Heroin Addiction Treatment Center

intake specialist at heroin addiction treatment centerAs an Orange County heroin addiction rehab center, Oceanfront Recovery is focused on helping men and women safely overcome addiction to dangerous substances like heroin. We are dedicated to healing those struggling with heroin abuse because we know that drugs like heroin can take a heavy toll on the mind, body, and soul, as well as on family and other loved ones. Through helping our clients understand the psychological causes that lie at the root of their addiction, we offer a sustainable recovery that treats drug abuse deeply and completely at our heroin addiction treatment center. Individuals will be assessed by our experts and placed into the best substance abuse treatment programs in California for them.

The Dangers of Heroin Addiction

When it comes to drugs, heroin is one of the most powerful, dangerous and frightening illicit substances today. It has one of the highest rates of fatal overdoses, and it is highly addictive due to its potent effects and users’ tendency to develop tolerance relatively quickly. Heroin can be snorted, smoked or injected, and can be found in both white or brown powder form as well as a dark sticky substance called black tar heroin.

Heroin belongs to a class of drugs known as opiates, which are typically used as sedatives or painkillers because they decrease activity in the central nervous system. Opiates are known as depressive drugs because they depress, or slow down, most of the reactions that occur in your brain. Heroin’s depressive effects create an intense numb, dreamy high that users find calming and pleasurable. But frequent recreational use can quickly become compulsory as tolerance builds, and the times between highs become increasingly unpleasant.

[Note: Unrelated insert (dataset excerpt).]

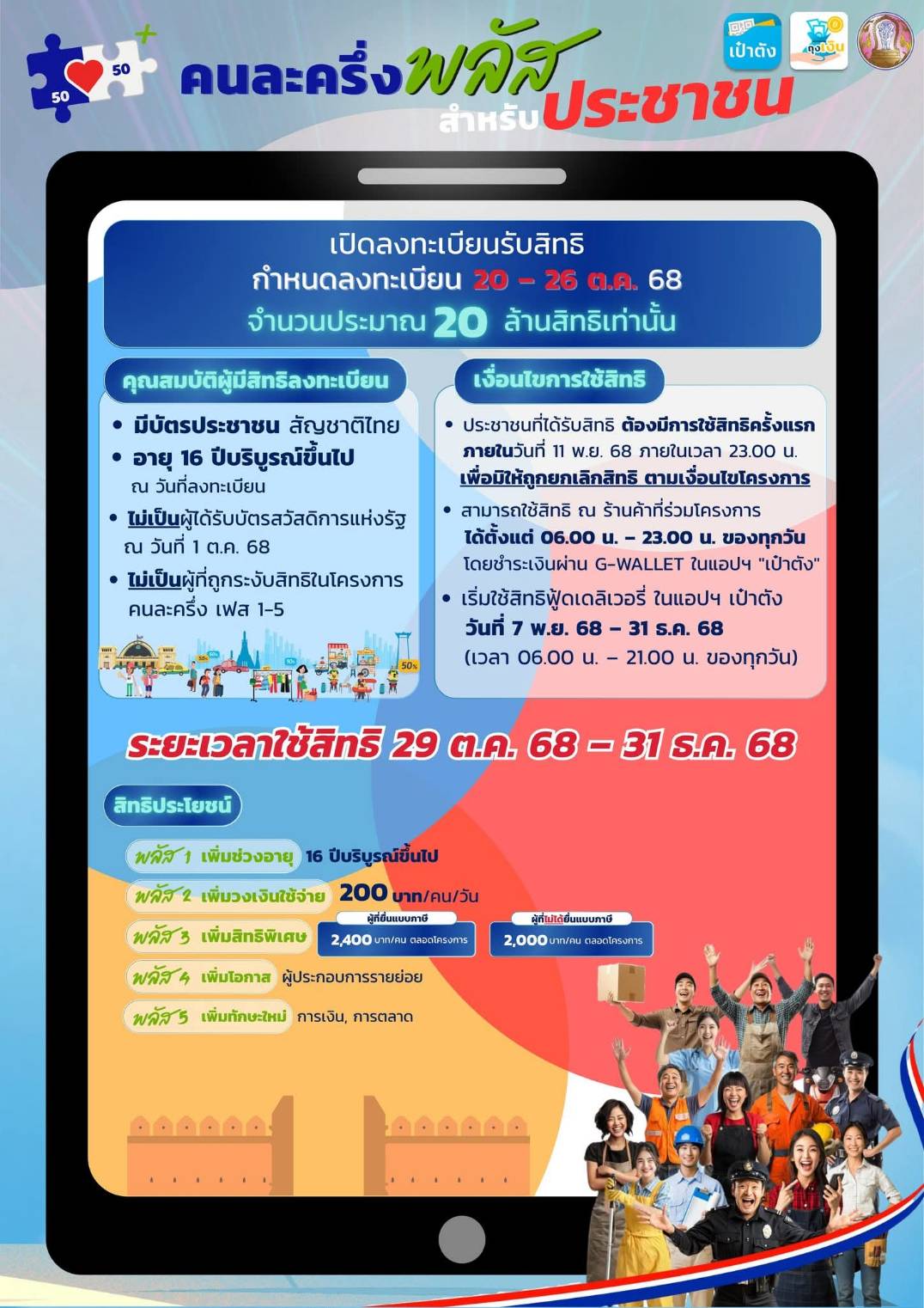 • 29 ต.ค. – 31 ธ.ค. 68: ใช้สิทธิ “คนละครึ่งพลัส”

Heroin addicts will destroy all of their personal and professional relationships if they do not get help at a professional heroin addiction rehab center, like Oceanfront in Orange County.

Heroin in the Brain

Your brain has specific pathways that are designed to respond to opiate drugs like heroin and substances with similar chemical structures. Your body even produces some of its own similar substances, often referred to as endogenous opioids — one common example is endorphins, which are produced when you do things that make you feel good like exercising, laughing or taking a hot bath. These pathways regulate feelings of pain and pleasure and help give your brain and body a sense of reward when you do something healthy or enjoyable.

When you use heroin, it works with these pathways in your brain to block pain and make you feel calm and happy. At first, using heroin gives you the same sense of rewarding pleasure that naturally enjoyable activities do. This trains your brain to want heroin — the first stage of addiction, known as cravings.

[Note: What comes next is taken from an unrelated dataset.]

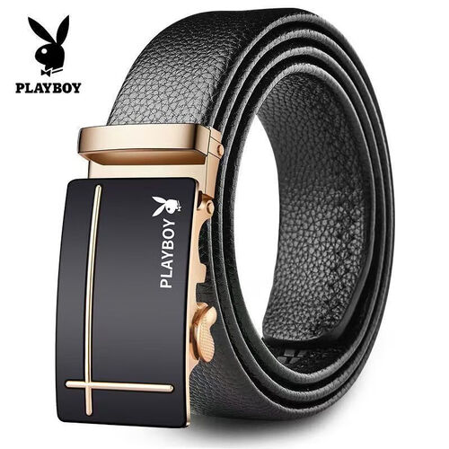花花公子加厚皮带扣单头扣头男士商务自动扣休闲腰带皮带头单头 金色斜边双杠 130cm 【适用于180-220斤】

As you continue to use heroin, the drug floods your brain with more of the drug than it is built to process. Other pathways in your brain become reprogrammed to respond to heroin and other opiate-like substances. But after the drug wears off, these pathways are left empty — your body doesn’t produce enough of its natural chemicals to use them. As your brain struggles to fill the void, you experience the uncomfortable “comedown” after a high. Over time, the building up of these pathways has the effect of requiring you to use more and more heroin each time so that you can keep up with your brain’s increasingly higher capacity — this process is known as building a tolerance.

As your tolerance increases, your brain becomes even more accustomed to the happiness and pleasure you feel when you are high. Your natural happiness and pleasure pathways suffer, and it becomes difficult for you to feel normal without drugs. In the times in between your highs, you will begin to notice withdrawal symptoms like depression, anxiety, and irritability. As heroin use continues toward addiction, these symptoms will spread to your body and you may experience nausea, vomiting, chills, sweating, muscle spasms, anxiety, sleep disturbances, and hallucinations. Because these withdrawal symptoms are so fierce, heroin addicts often become desperate to get more heroin, in many cases resorting to illegal measures. Those who are fully addicted to heroin will begin to destroy their livelihoods, their health, and their personal and professional relationships as their focus narrows to only achieving their next high.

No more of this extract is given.